### Aim of the task:
The entire listing below is to be written out exactly, minus the pictures.

### Stored data:
○ ○ ○

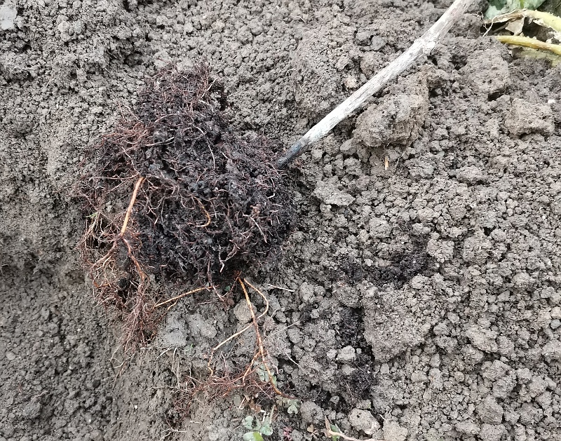 Anbei eine Tafeltraube, die im Container gewachsen ist. Der Wurzelballen muss aufgelöst werden.
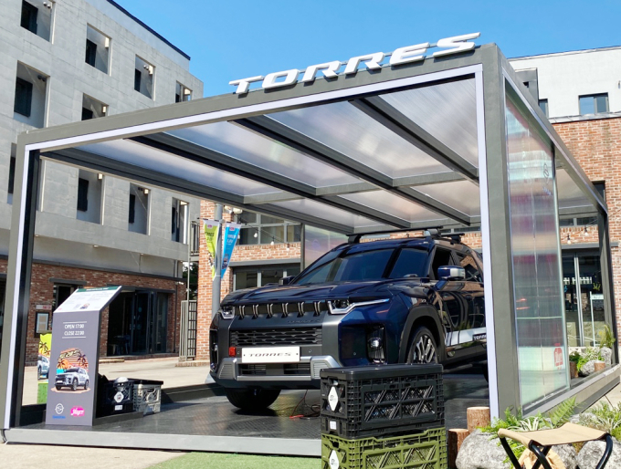또 제주시 조천읍에 위치한 유럽풍 감성 디저트카페 자드부팡에서도 8월 31일까지 오프로드 감성을 극대화한 튜닝된 토레스가 자드부팡 내 ‘토레스 스페셜 개러지’에 전시된다. 전시된 차량에는 루프 캐리어, 리어 래더, 리어 스페어타이어 랙, 불바 등이 장착되었으며, 인치업 튜닝으로 오프로드 감성을 극대화했다.
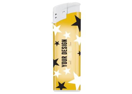 Electronic lighter with custom-made full-colour labelling. Refillable and child-resistant. Minimal order of 5.000 pieces.
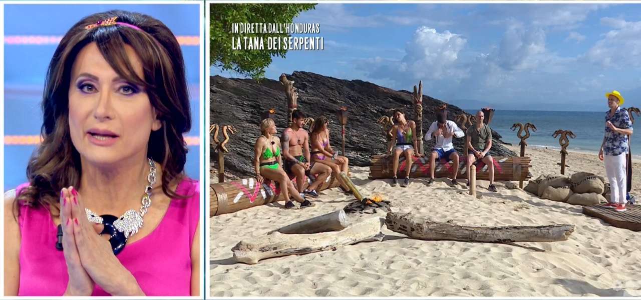 C’è una grande novità quest’anno all’Isola dei Famosi. Alvin raduna i suoi concorrenti ‘single’ in un posto nuovo che non è, dunque, la palapa ma un posto in spiaggia, in riva al mare, chiamato ‘La tana dei serpenti’. Pare, infatti, che sia una parte dell’Isola in cui non è difficile vedere dei serpenti, tanto che Floriana Secondi ne incontra uno proprio al suo fianco. Questa presenza dà a Vladimir Luxuria in studio lo spunto per una battuta tra il trash e il piccante su Cicciolina, che scatena un po’ di imbarazzo in studio.

○ ○ ○

### Answer area:
 Anbei eine Tafeltraube, die im Container gewachsen ist. Der Wurzelballen muss aufgelöst werden.
또 제주시 조천읍에 위치한 유럽풍 감성 디저트카페 자드부팡에서도 8월 31일까지 오프로드 감성을 극대화한 튜닝된 토레스가 자드부팡 내 ‘토레스 스페셜 개러지’에 전시된다. 전시된 차량에는 루프 캐리어, 리어 래더, 리어 스페어타이어 랙, 불바 등이 장착되었으며, 인치업 튜닝으로 오프로드 감성을 극대화했다.
 Electronic lighter with custom-made full-colour labelling. Refillable and child-resistant. Minimal order of 5.000 pieces.
 C’è una grande novità quest’anno all’Isola dei Famosi. Alvin raduna i suoi concorrenti ‘single’ in un posto nuovo che non è, dunque, la palapa ma un posto in spiaggia, in riva al mare, chiamato ‘La tana dei serpenti’. Pare, infatti, che sia una parte dell’Isola in cui non è difficile vedere dei serpenti, tanto che Floriana Secondi ne incontra uno proprio al suo fianco. Questa presenza dà a Vladimir Luxuria in studio lo spunto per una battuta tra il trash e il piccante su Cicciolina, che scatena un po’ di imbarazzo in studio.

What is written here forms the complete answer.